--- Exercise ---
Word for word, restate the lines from the one holding "- MINI Yours" through the last line of the material below, and leave every picture out.

--- Supplied data ---
* * * * * * *
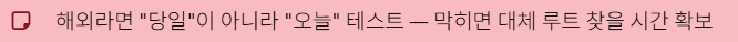 해외라면 “당일”이 아니라 “오늘” 테스트하는 게 핵심입니다. 막히면 대체 루트를 찾을 시간이 생깁니다.
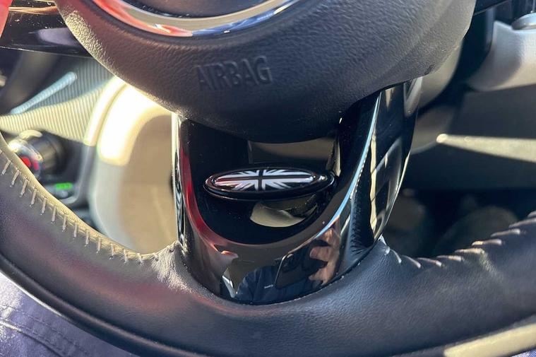 - MINI Yours fine walk nappa leather steering wheel with contrast stitching in silver and MINI Yours badge
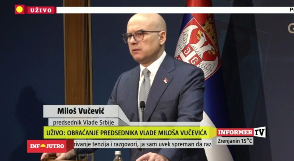 Neko ko je to smislio, a slobodan sam sada da kažem, apsolutno je smišljeno iz inostranstva, u to nemam nikakvu sumnju, udario je na najosetljiviju oblast jednog društva, a to je obrazovanje dece. Podlo smišljeno s ciljem da nam direktno ugroze Srbiju kao državu. I naravno, sve ono što se posle toga ili u tom periodu dešavalo, protesti, blokade, rasprave, svađe na ulicama“, rekao je Vučević.
* * * * * * *
--- Written solution ---
 - MINI Yours fine walk nappa leather steering wheel with contrast stitching in silver and MINI Yours badge
 Neko ko je to smislio, a slobodan sam sada da kažem, apsolutno je smišljeno iz inostranstva, u to nemam nikakvu sumnju, udario je na najosetljiviju oblast jednog društva, a to je obrazovanje dece. Podlo smišljeno s ciljem da nam direktno ugroze Srbiju kao državu. I naravno, sve ono što se posle toga ili u tom periodu dešavalo, protesti, blokade, rasprave, svađe na ulicama“, rekao je Vučević.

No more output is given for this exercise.